The total number of telephones increased from 76.53 million by
end-March 2004 to 413.85 million by end-February 2009. About 113.36
million telephones, at the rate of more than 14 million subscribers
every month, were added during the 11 months of 2008-2009. Total
tele-density increased from 12.7 per cent in March 2006 to 35.65 per
cent in February 2009. While rural tele-density reached 13.81 per cent
in January 2009, the urban teledensity shot up to 83.66 per cent.
While the wireless subscriber base grew at a compound annual growth
rate (CAGR) of 75.9 per cent per annum since 2003, the wire-line
segment has been declining gradually. The share of wireless phones
increased from 24.3 per cent in March 2003 to 90.88 per cent in
February 2009. Improved affordability of wireless phone has made
universal access objective more feasible. The government has taken
several steps directed at reduction in entry barriers, creation of a
level-playing field between incumbents and new entrants and forward
looking regulation. Consequently, the share of private sector in total
telephone connections increased to more than 79 per cent in February
2009 against a meagre 5 per cent in 1999.
Rural telephony: With
the special thrust given to rural telephony, the number of rural
telephones went up from 12.3 million in March 2004 to 112.71 in January
2009. The strategy for rural network expansion involves provision of
phones through market mechanisms in the viable areas and through
Universal Service Obligation (USO) Fund in the non-viable areas. While
village public telephones (VPTs) and rural community phones (RCPs) will
enable public access, a scheme of RCPs has been launched under USO(F)
to create the infrastructure in rural and remote areas. Out of more
than 22.71 lakh public call offices (PCOs) functioning in the country,
two lakh are in the rural areas. The Mobile Grameen Sanchar Sewak Scheme
providing telephone at the doorstep of villagers is in place in about
12,000 villages. About 8,61,459 wireless broadband connections with
speed of at least 512 kbps always on, shall be provided by BSNL with
subsidy support from USO(F).
Internet/Broadband: Recognizing
the importance of increasing broadband connectivity for the growth of
knowledge-based society, several steps have been taken to promote
broadband. As a result, the broadband subscribers grew from a meagre
0.18 million as on March 2005 to about 5.69 million by February 2009.

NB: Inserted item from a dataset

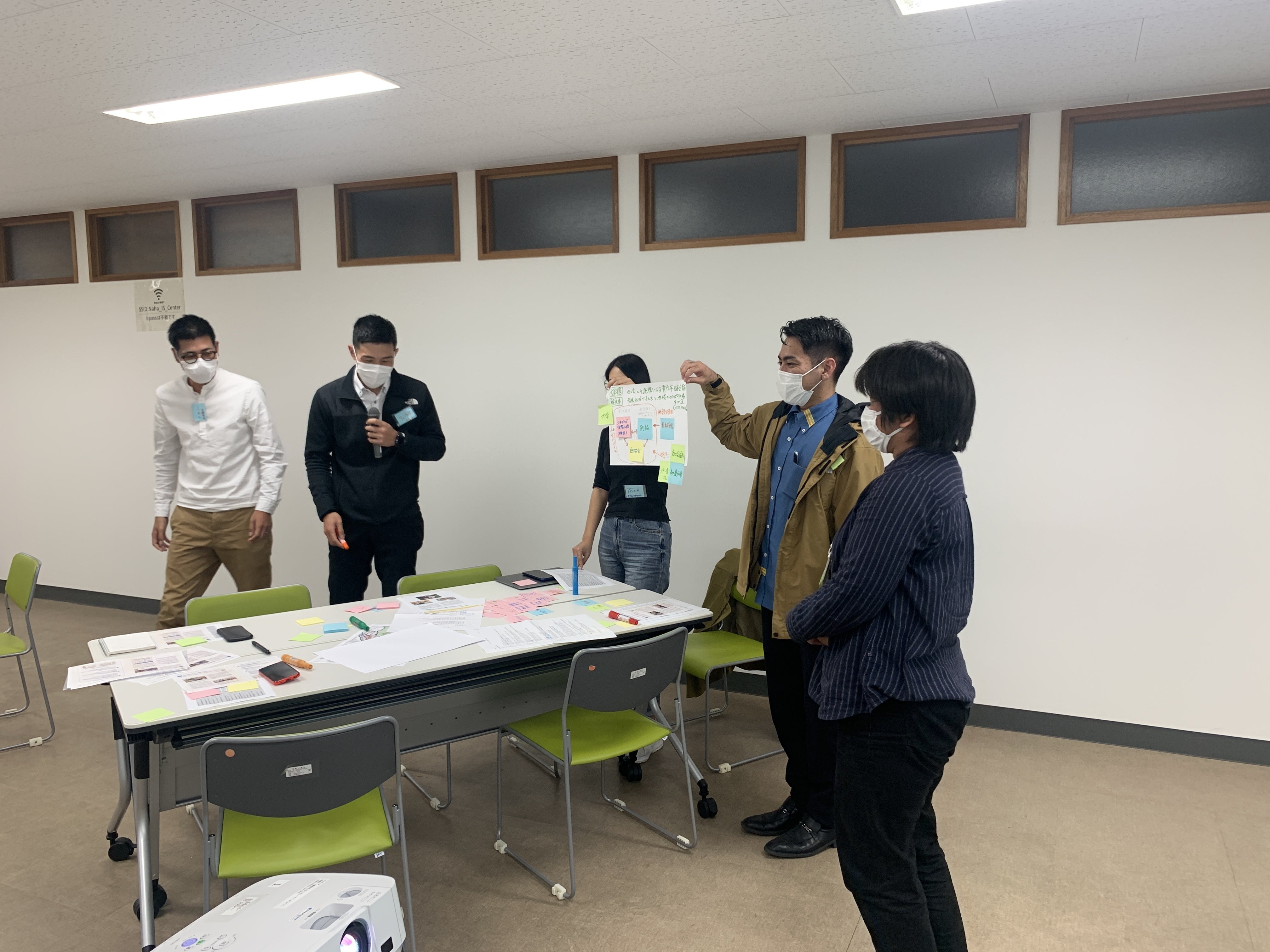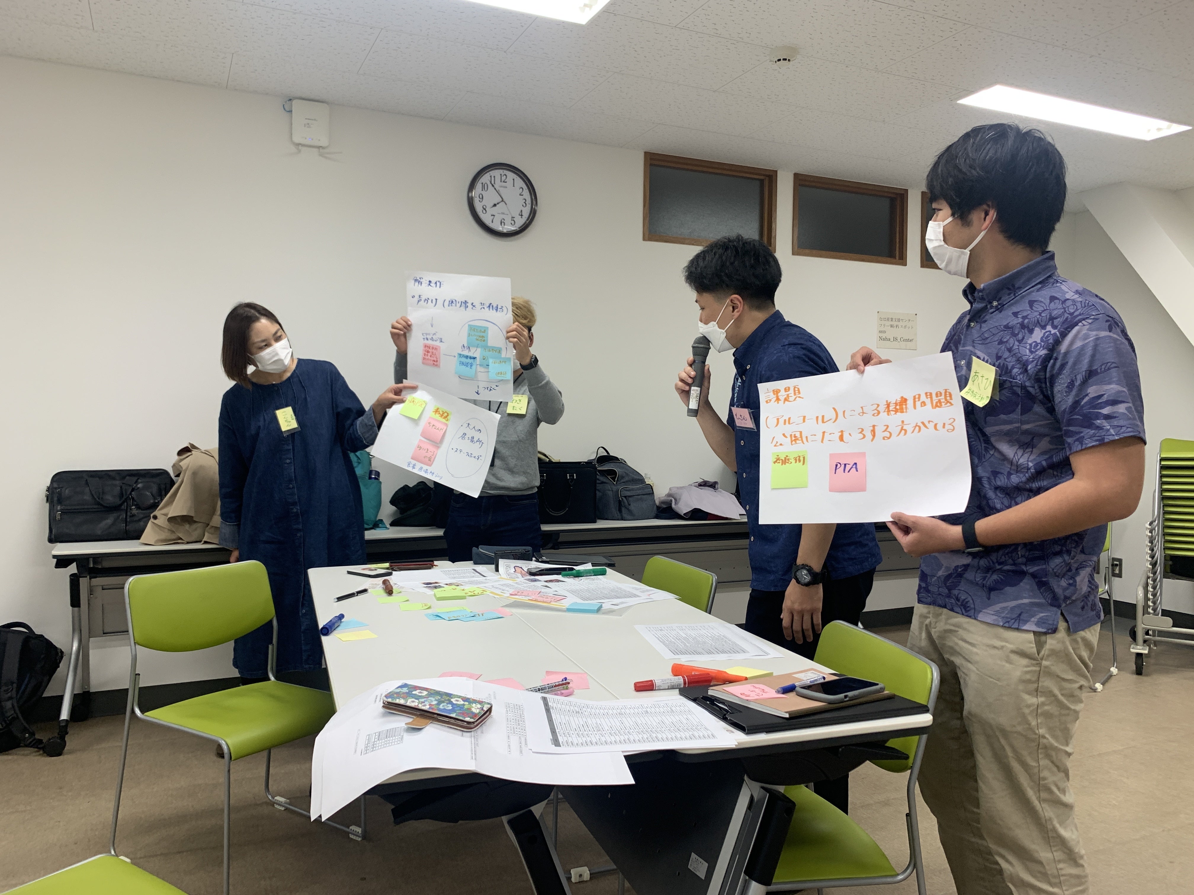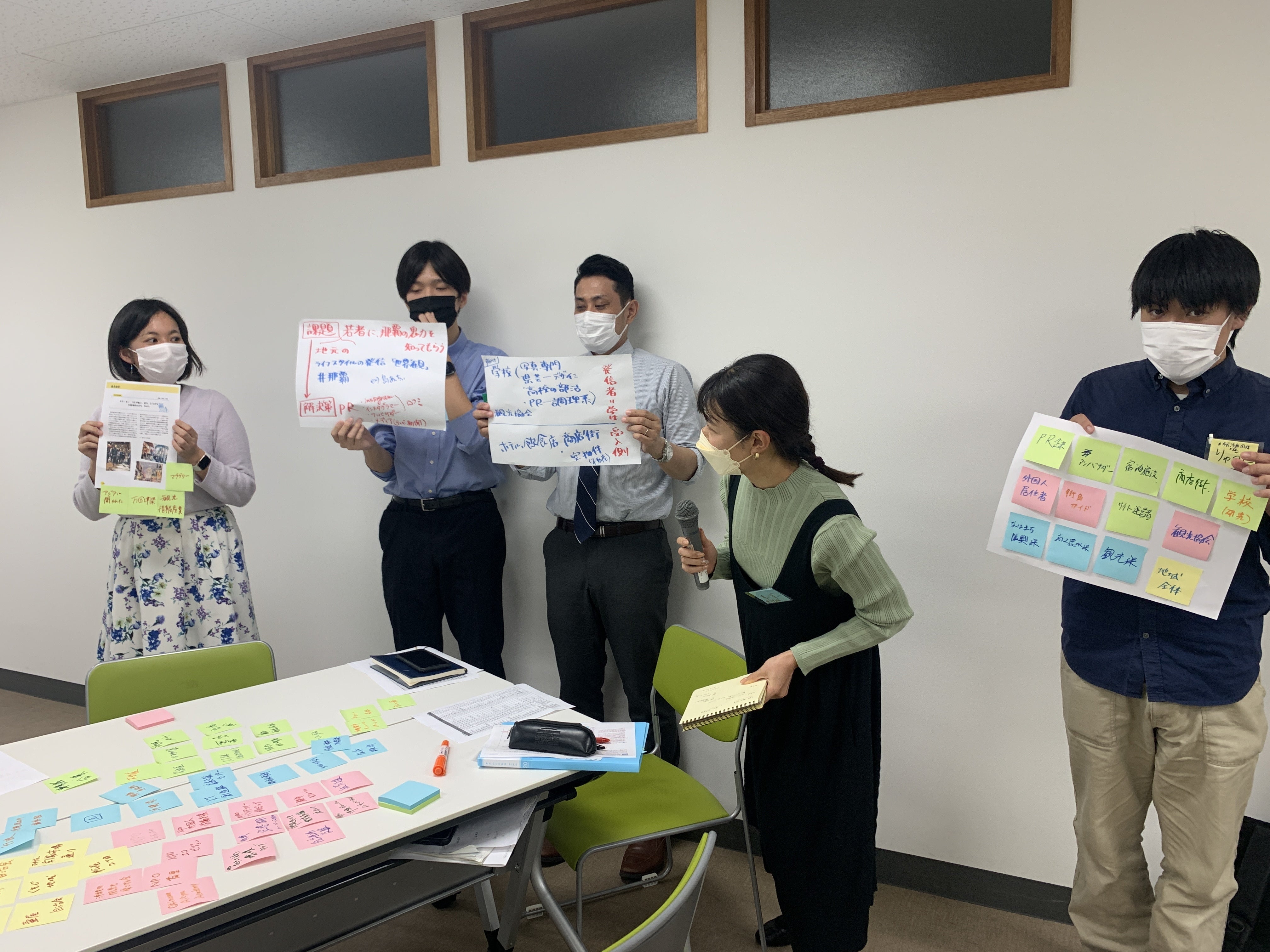 那覇市の商店街のPRの課題について、ハッシュタグの活用に関するアイデアを出していました。

An agreement has been signed with BSNL in January 2009 to provide
wire-line broadband connectivity to rural and remote areas by
leveraging the existing 27,789 rural exchanges and copper wire-line
network and by facilitating the service providers in creating broadband
infrastructure. Under this, BSNL would provide 8,61,459 wire-line
broadband connections from rural telephone exchanges with subsidy from
USO Fund. The speed of each of the broadband connections shall be at
least 512 kbps always on, with the capability to deliver data, voice
and video services in the fixed mode. The rural broadband connectivity
will cover government, institutional users, gram panchayats,
higher secondary schools, public health centres and individual users.
Subsidy would also be provided for setting up one kiosk from each rural
exchange for providing public access to broadband services.

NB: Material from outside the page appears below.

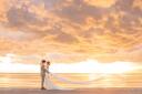 カラードレスからウェディングドレスにお着換え。海辺のフォトウェディングの撮影開始です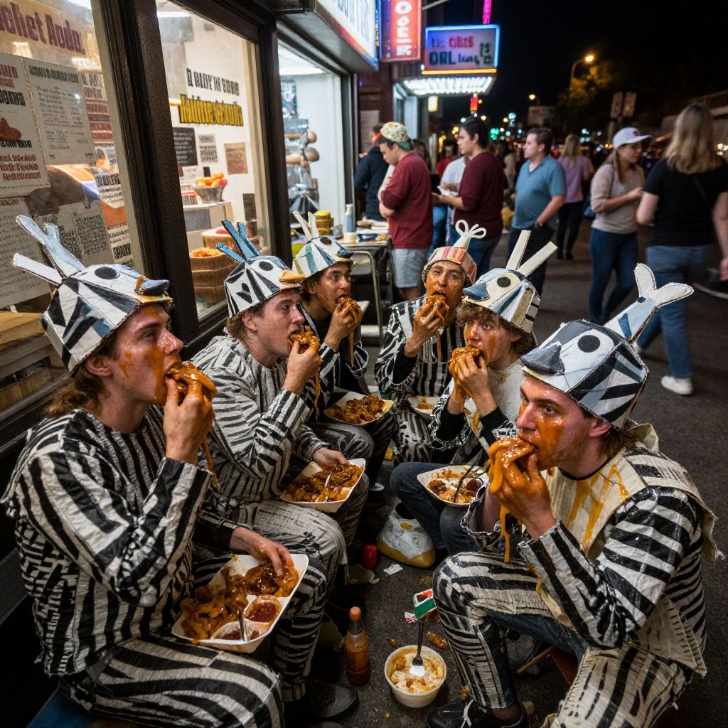 An award winning genre defining documentary photograph, hi lighting the plight of mentally ill people, A group of societies rejects congregating, cramming disgusting food into their mouths, in a gluttonous frenzy, their greasy faces covered in sauces from the food. wearing cheap poorly made zebra costumes, hand made, paper mache, fish head helmets, while sitting outside of a sleazy adult bookstore, crowded with pedestrians in the background, cinematic still, night street photography style, long exposure, neon light

A proposal is being considered to provide broadband connectivity in
rural and remote areas in a phased manner, under which 5,000 blocks
would be connected by wireless broadband and villages coming within a
radius of 10 kms. of the taluk/block headquarters would be covered.
Guidelines have been issued for broadband wireless access (BWA)
services. BWA services will increase broadband penetration.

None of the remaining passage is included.